§ **Exercise objective**: Output exactly the lines that come between the start of the material and the line containing "Este conjunto incorpora", both ends included, with the pictures omitted.

§ **Collected data**:
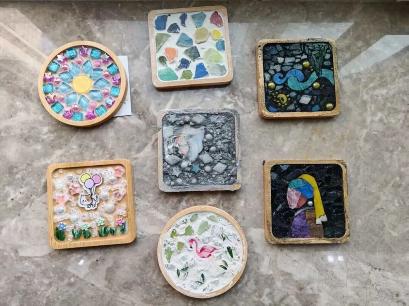 彩虹心理协会精心准备了30余个马赛克杯垫材料包,涵盖约十种不同图案,并为参与同学配备了专用胶水、填缝剂及全套辅助工具。在成人app
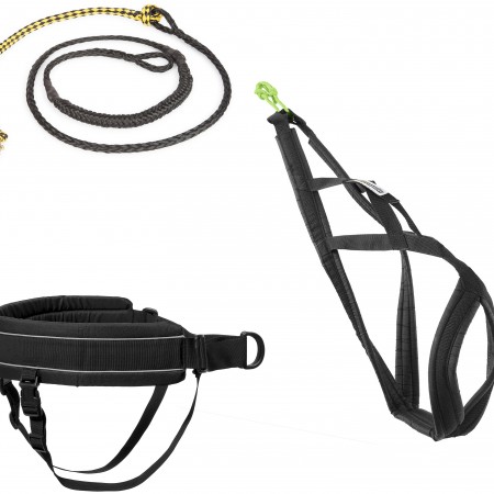 Este conjunto incorpora el material necesario para la práctica de este deporte, tanto a nivel recreacional como en competición. También se puede usar para la práctica del canihiking (senderismo con perro) pues permite llevar las manos libres y la línea elástica amortigua la sujeción entre ambos. Este kit permite la práctica del canicross a nivel recreacional aunque se recomienda añadir un suplemento a la línea de tiro para alargarla. El kit incluye: - Cinturón ligero y acolchado, con costuras reforzadas, y regulable en cintura desde 82cm hasta 155cm. - Línea de canicross para un perro, fabricada en polietileno de 8mm con amortiguador de látex ingerido que permite su extensión para evitar movimientos bruscos entre perro y corredor. Incluye un mosquetón ligero en cada extremo - Arnés tipo X-BACK extremadamente ligero, elaborado con material resistente, hipoalergénico y no abrasivo. Las zonas donde el perro nota una mayor resistencia al tiro (esternón y alrededor del cuello) están especialmente acolchadas
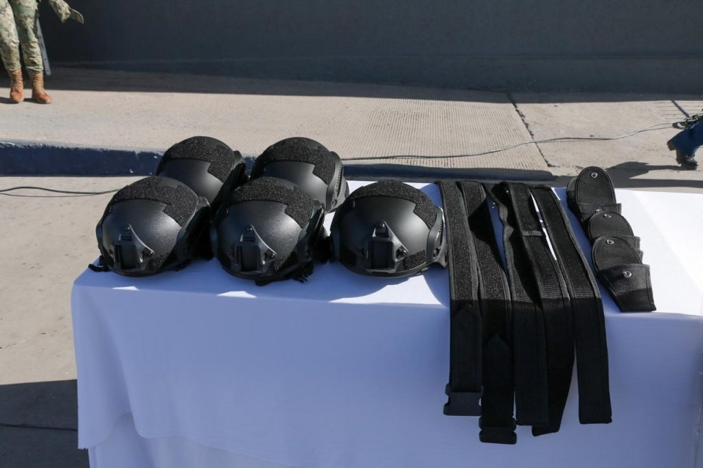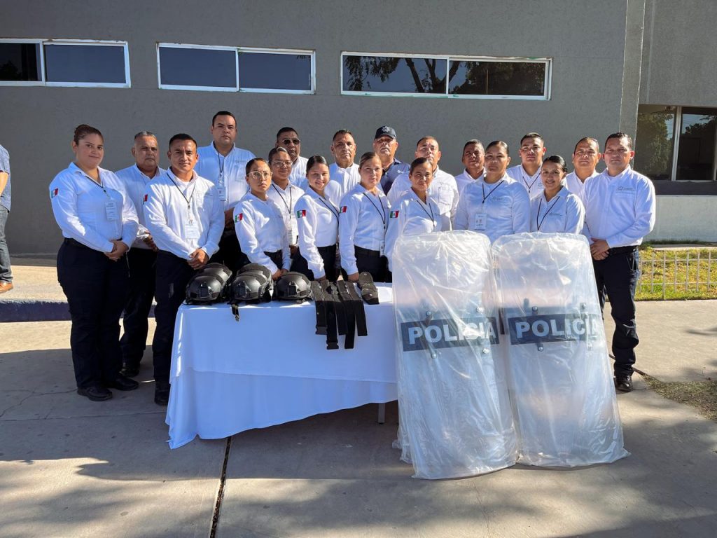 Cd. Obregón, Sonora.- Se llevó a cabo el lunes cívico en la Secretaría de Seguridad Pública Municipal frente al edificio de la corporación policial, evento semanal en el que además de difundir valores patrios se realizó la entrega de equipamiento táctico con fines educativos para las y los cadetes de la Academia de Policía Municipal.

§ **Exercise answer**:
 彩虹心理协会精心准备了30余个马赛克杯垫材料包,涵盖约十种不同图案,并为参与同学配备了专用胶水、填缝剂及全套辅助工具。在成人app
 Este conjunto incorpora el material necesario para la práctica de este deporte, tanto a nivel recreacional como en competición. También se puede usar para la práctica del canihiking (senderismo con perro) pues permite llevar las manos libres y la línea elástica amortigua la sujeción entre ambos. Este kit permite la práctica del canicross a nivel recreacional aunque se recomienda añadir un suplemento a la línea de tiro para alargarla. El kit incluye: - Cinturón ligero y acolchado, con costuras reforzadas, y regulable en cintura desde 82cm hasta 155cm. - Línea de canicross para un perro, fabricada en polietileno de 8mm con amortiguador de látex ingerido que permite su extensión para evitar movimientos bruscos entre perro y corredor. Incluye un mosquetón ligero en cada extremo - Arnés tipo X-BACK extremadamente ligero, elaborado con material resistente, hipoalergénico y no abrasivo. Las zonas donde el perro nota una mayor resistencia al tiro (esternón y alrededor del cuello) están especialmente acolchadas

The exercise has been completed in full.